When our friend the slacker says they'll be ready in ten minutes, we just assume an hour and are impressed when it only takes them forty five minutes. Anyone else, we're shooting off text messages like "WTF! Whr R U?!" But not our slacker friend, we'll come up with excuses and even blame ourselves! "Well, it is kinda my fault, I know that lazy ass can't wake up before noon without several wake up calls." When they prank call us at work, instead of hanging up the phone, we try lecturing them on why they should be doing something productive. C'mon now, they are 30 damn years old, if they don't know this by now, you can not help them. You're paying the bill on the phone they're calling you from-stop, that'd end the calls. And you're slacker friend will always forget their wallet when you go out to lunch. Instead of making their broke ass do dishes, you reach into your wallet because you're enabling ass stopped by the atm and got extra cash because this friend hasn't had their wallet since 1992.

Now every once in a while we swear off this person. We're tired of dealing with all their nonsense. We try cold turkey. . . and it never works. Three days will go by and we have ignored every call, not responded to one text message, and since we're not there to loan them gas money, they can't just come by our house. Then we're getting ready for work, and as we grab a towel from the closet a box of old pictures falls and there we are, sixth grade-braces and pimples with those stupid Dr Suess hat on our heads and for a second we miss them. But we're strong; we put the pictures back, remind ourselves of the time they peed on our grandmothers houseplant, and head off to work. Jamming out to the Flashback Friday mix on the way to the office, the DJ plays Big Poppa, and there we are, sophomore year, smoke rolling out the windows of their Ford Festiva, and for a second we miss them. We shake it off and remember when they blew off the job interview for a position we spent months trying to get for them. During our mid day coffee break; the secretary, overwhelmed with her wedding planning jokes about eloping in Vegas, and there we are, barely twenty-one doing body shots off complete strangers at Cesar's Palace, and for a second we miss them. We think about how they threw up on our favorite shoes at the end of the night, and go about our day. The problem is, this person has been so entwined in our life for so long, they're everywhere. After a few more days, we break down and call them.

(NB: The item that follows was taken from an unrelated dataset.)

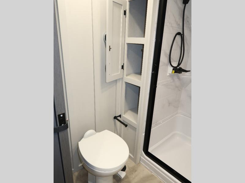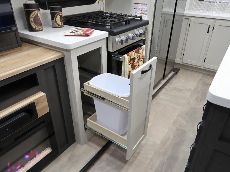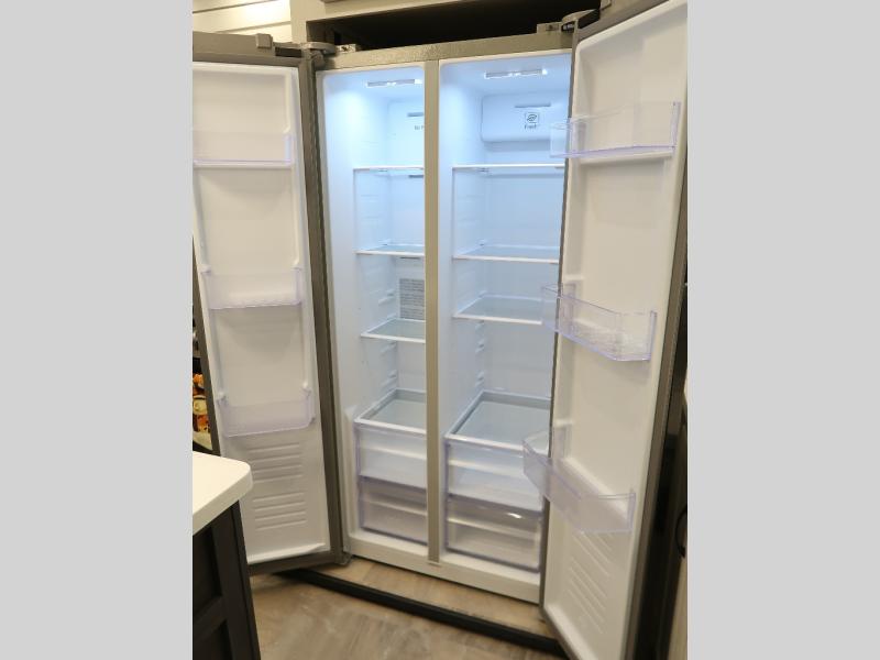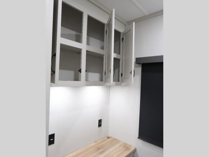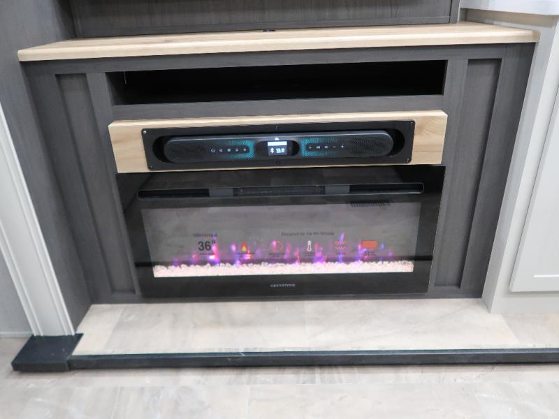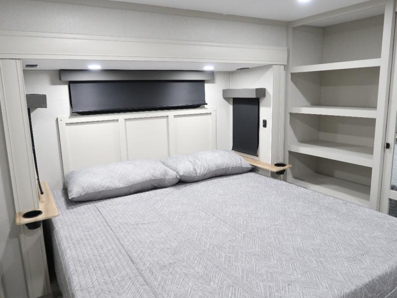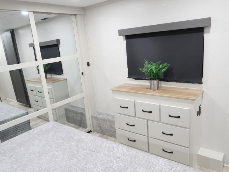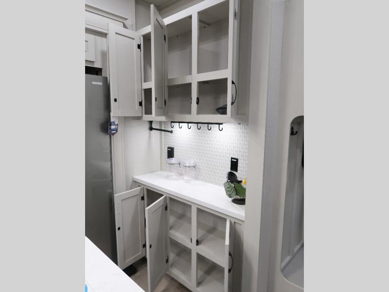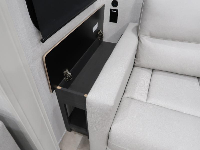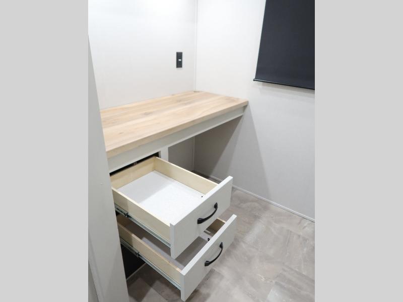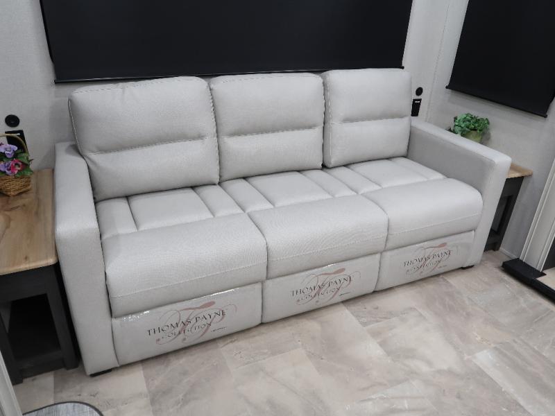 The rear living room is the perfect place to unwind, featuring a 78” trifold sofa, theater seating, overhead cabinets, and an entertainment center. Whether you're watching a movie, reading a book, or simply enjoying the company of loved ones, this room has everything you need to relax and recharge. The spacious kitchen is fitted with a kitchen island, refrigerator, microwave, free-standing table, hutch, and overhead cabinets. Perfect for preparing your favorite meals and enjoy with family. With a convenient coat bench, desk with flip-up storage, washer, and dryer, you'll have everything you need to stay organized and comfortable on the go. The full bathroom is an enormous oasis with a linen closet for added convenience. Also with a front bedroom featuring a king bed, dresser, shelves, and wardrobe, you'll have the perfect place to rest and recharge after a long day of adventure, also plenty of space for storing all your belongings and staying organized on the road.

See, the thing about our slacker friend, is yes, they do outrageous things, but they're there for us when we really need them. That time mom found a pack of Marlboros in our JanSport, knowing you'd be shot, they took the blame and we grimaced as our mom got their dad on the phone. When we dated that loser freshman year who broke our heart, they told the whole school he was premature and burned his pictures with you while eating a pint of Ben and Jerrys. And the day we finalized our divorce, they came over with a bottle of tequila. It dawns on us, our slacker friend listens to us bitch about our nagging spouse, out of control toddler, asshole boss, plummeting portfolios, and mild ulcers all so we can be a grown up. We sure make the grass look greener for them don't we?